- **TASK OBJECTIVE**:
Once the line with "could be explained" is found, repeat it and all later lines exactly through the end of the listing below, with the pictures left out.

- **MATERIAL PROVIDED**:
——
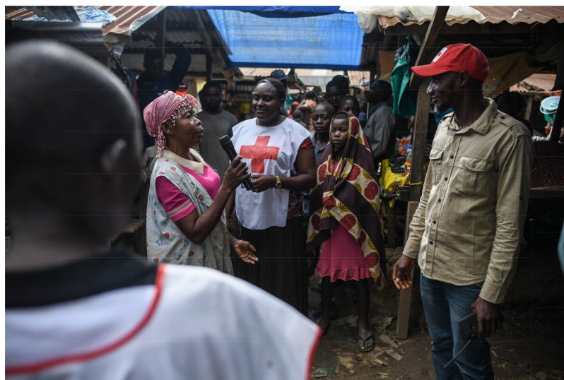
Red Cross volunteers in the Democratic Republic of the Congo provide a sensitization campaign in the biggest market in Bunia. This is a regular activity with communities, providing critical information about Ebola and how to prevent other major diseases.

could be explained by changes made in response activities.
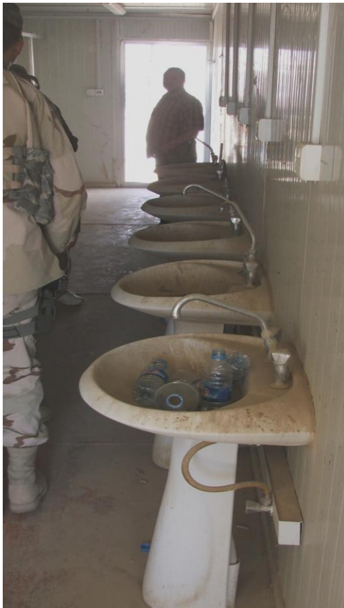
Site Photo 11. Condition of hand-and-foot washing stations in latrine trailer.

SIGIR inspectors observed the latrine trailers during the inspection on 25 November 2008 (Site Photo 11 and 12). The eight latrine trailers were particularly filthy, thereby creating a health hazard. In response to the vandalism, MNSTC-I and the GOI have taken actions to minimize future issues with respect to construction. These actions include building stand alone latrines separate form barracks to separate the plumbing and potential for water and sewage damage in living areas and transfer buildings to specific GOI agencies and organizations. Specific Iraqi ownership has improved the operations and maintenance of the facilities. Installing gravity-fed water systems where practicable to account for uncertainty in the electrical systems to ensure potable water is still available when needed.
——
- **RESULT OF THIS EXERCISE**:
could be explained by changes made in response activities.
Site Photo 11. Condition of hand-and-foot washing stations in latrine trailer.

SIGIR inspectors observed the latrine trailers during the inspection on 25 November 2008 (Site Photo 11 and 12). The eight latrine trailers were particularly filthy, thereby creating a health hazard. In response to the vandalism, MNSTC-I and the GOI have taken actions to minimize future issues with respect to construction. These actions include building stand alone latrines separate form barracks to separate the plumbing and potential for water and sewage damage in living areas and transfer buildings to specific GOI agencies and organizations. Specific Iraqi ownership has improved the operations and maintenance of the facilities. Installing gravity-fed water systems where practicable to account for uncertainty in the electrical systems to ensure potable water is still available when needed.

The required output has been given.